К ней пришел Никлас, еще совсем недавно отворачивающийся от нее с раздражением и горечью, занятый самим собой.

Оба тяжело переносили это — она не могла смотреть ему в глаза, а он ничего не замечал вокруг себя.

Сев на край постели, он взял ее за руку, виновато и смущенно улыбнулся.

— Прости меня, Виллему! Последнее время я был сам не свой.

— Ты ни в чем не виноват, — с сочувствием ответила она.

— В тот раз я понял по твоим глазам, что сделал тебе больно. Твое лицо всегда было для меня открытой книгой. И мне было тяжело оттого, что я бросил тебе в лицо грубые, обидные слова. Я косо смотрел на тебя, потому что ты изнывала от своей несчастной любви, не обращая внимания на чувства других. Но теперь я понял, что сам поступал так же. Человек в таком состоянии погружается в себя, становится бесчувственным по отношению к окружающим.
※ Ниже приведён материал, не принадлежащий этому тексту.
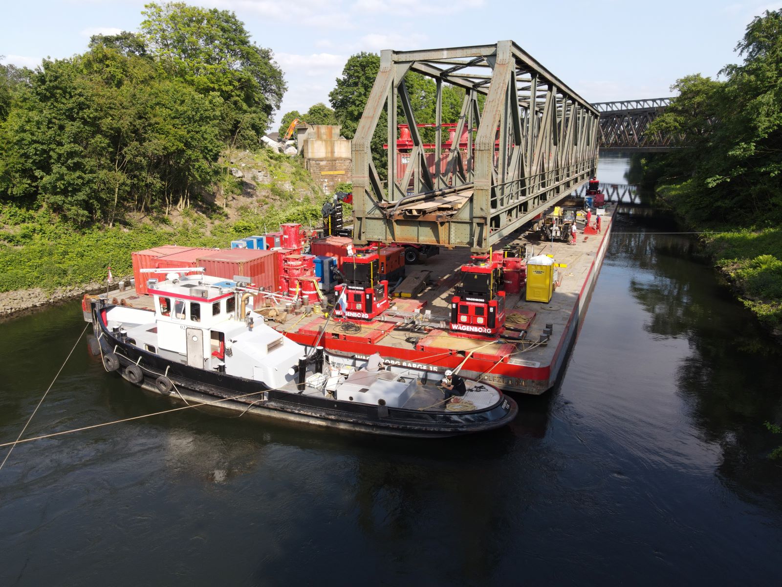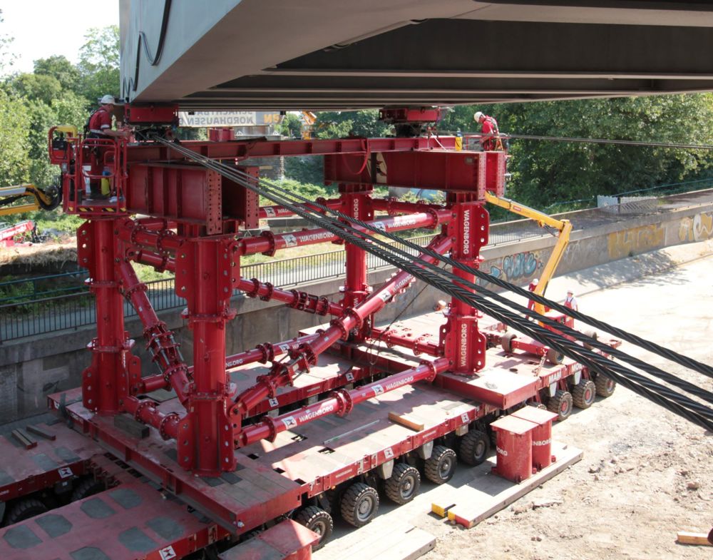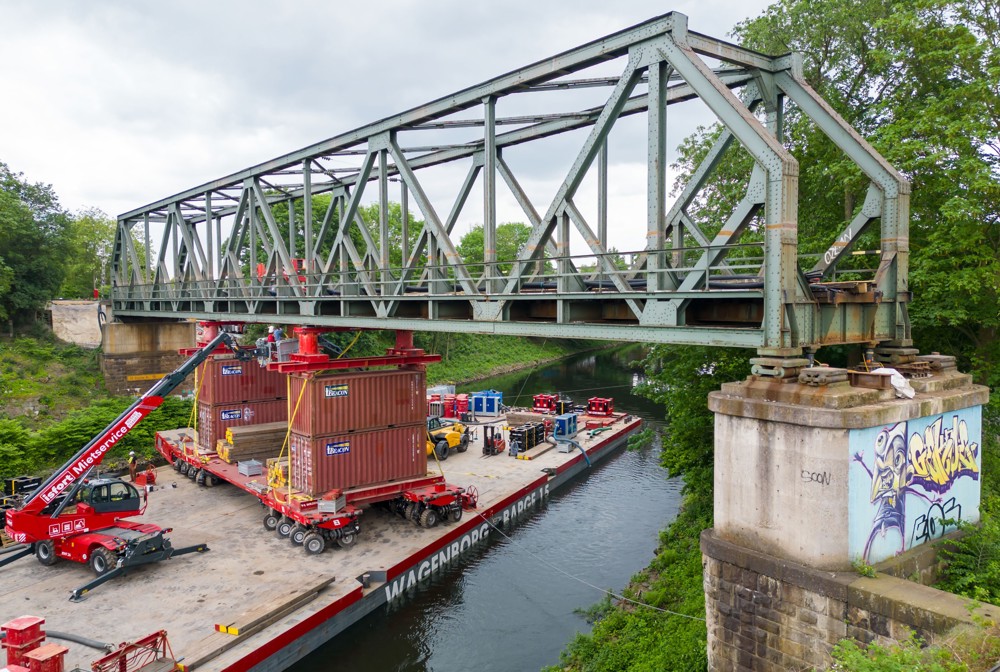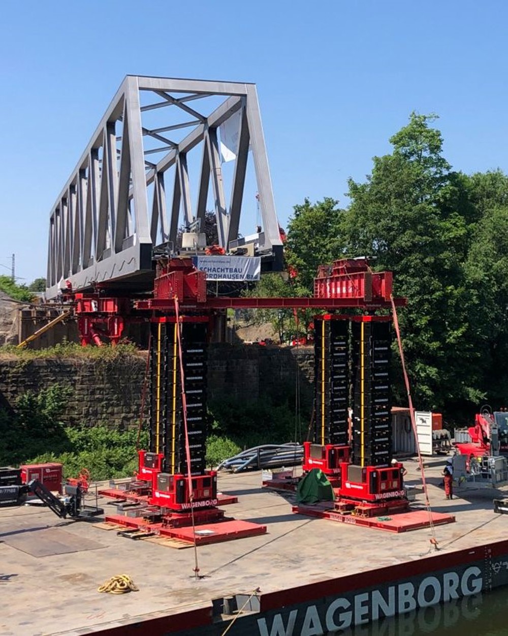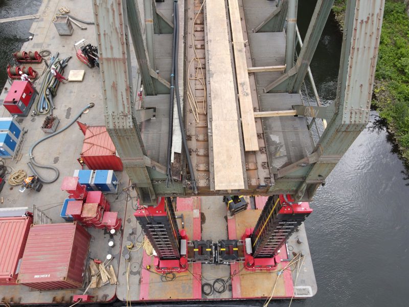 ‘Using the trailer hydraulics and a ballast operation with the pontoon, we easily lifted the bridge off the abutments and then turned it 90 degrees. The JS250 box jacking system was then used to lower the bridge 10 meters so that it was at working height on the pontoon. It was then dismantled by the demolition contractor.’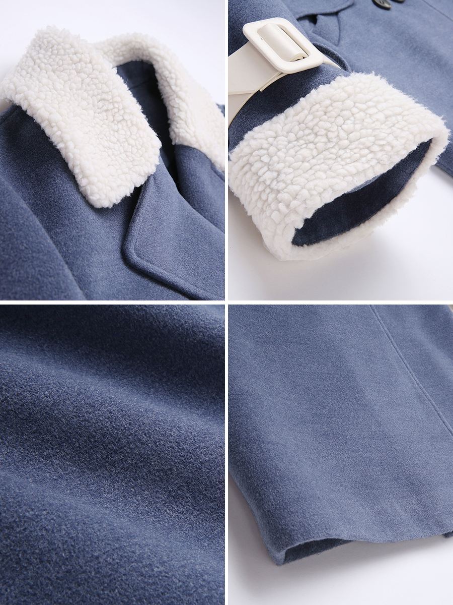 MG小象復古毛呢外套女冬季新款中長款寬松羊羔毛拼接學生呢子大衣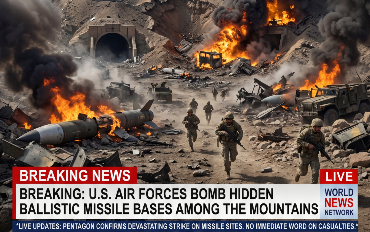 In a powerful precision operation, the US Air Force has completely destroyed multiple ballistic missile bases secretly hidden deep within Iran’s mountainous regions. B-1B Lancer and F-35 Lightning II aircraft delivered devastating strikes on these concealed facilities, collapsing reinforced underground silos, command centers, and launch pads buried inside the rugged terrain.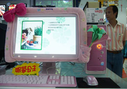 在蘇州市一家數(shù)碼商城,一商家展示的一款電腦,顯示器被套上漂亮“外套”,吸引了不少市民的目光。

— В самом деле! — согласилась Виллему, готовая простить ему все. — Но я сама вела себя глупо в тот раз. Как я могла скорбеть о таком…

Она оборвала себя: слово, которое она собиралась произнести, было не особенно приличным.

Среди ее родственников Никлас был самым придирчивым к выражениям. Виллему же употребляла подчас всякие соленые словечки, но хорошо знала, когда их можно сказать, а когда — нет.

Никлас печально улыбнулся.

— И теперь это Доминик?

— Я не стану этого отрицать, — вздохнула она.

— Тогда мы с тобой в одной лодке, ты и я.

— Абсолютно верно. И Ирмелин. И Доминик.

— Да. Знаешь, в последнее время я много размышлял над этой древней легендой.

— О чем?

— О котелке.

— Который нужно откопать? Чтобы снять это проклятие?

— Вот именно.

— Мы должны попытаться это сделать, — глубокомысленно произнесла она. — Но ведь мы ничего не знаем. Совершенно ничего!

— Говорят, что Колгрим кое-что знал. И дед Доминика Тарье. Но оба они умерли.

Виллему вспомнила о своем странном переживании на чердаке, где она была вместе с Ирмелин. Когда-нибудь она расскажет ему об этом.

Но не сейчас.

— Мне кажется, это звучит устрашающе.

— Да, но что же они могли знать? Мысли об этом приводят меня в отчаяние.

— Никлас, — тихо сказала Виллему, — это то самое, к чему призваны ты, я и Доминик? Найти котелок?

Некоторое время он молча смотрел в пространство, потом сказал:

— Доминик говорит, что нет. Мы обсуждали с ним это. Ты ведь знаешь, он чувствует все острее нас с тобой. Я предназначен для того, чтобы лечить людей, в тебе таятся мощные силы, которые еще не нашли себе применения, и Доминик говорит, что это страшные силы. Он видел их отсвет. Доминик ясновидец, он может видеть сквозь стены — сквозь стены будущего тоже. Он говорит, что котелок здесь ни при чем. Другое дело — проклятие Людей Льда.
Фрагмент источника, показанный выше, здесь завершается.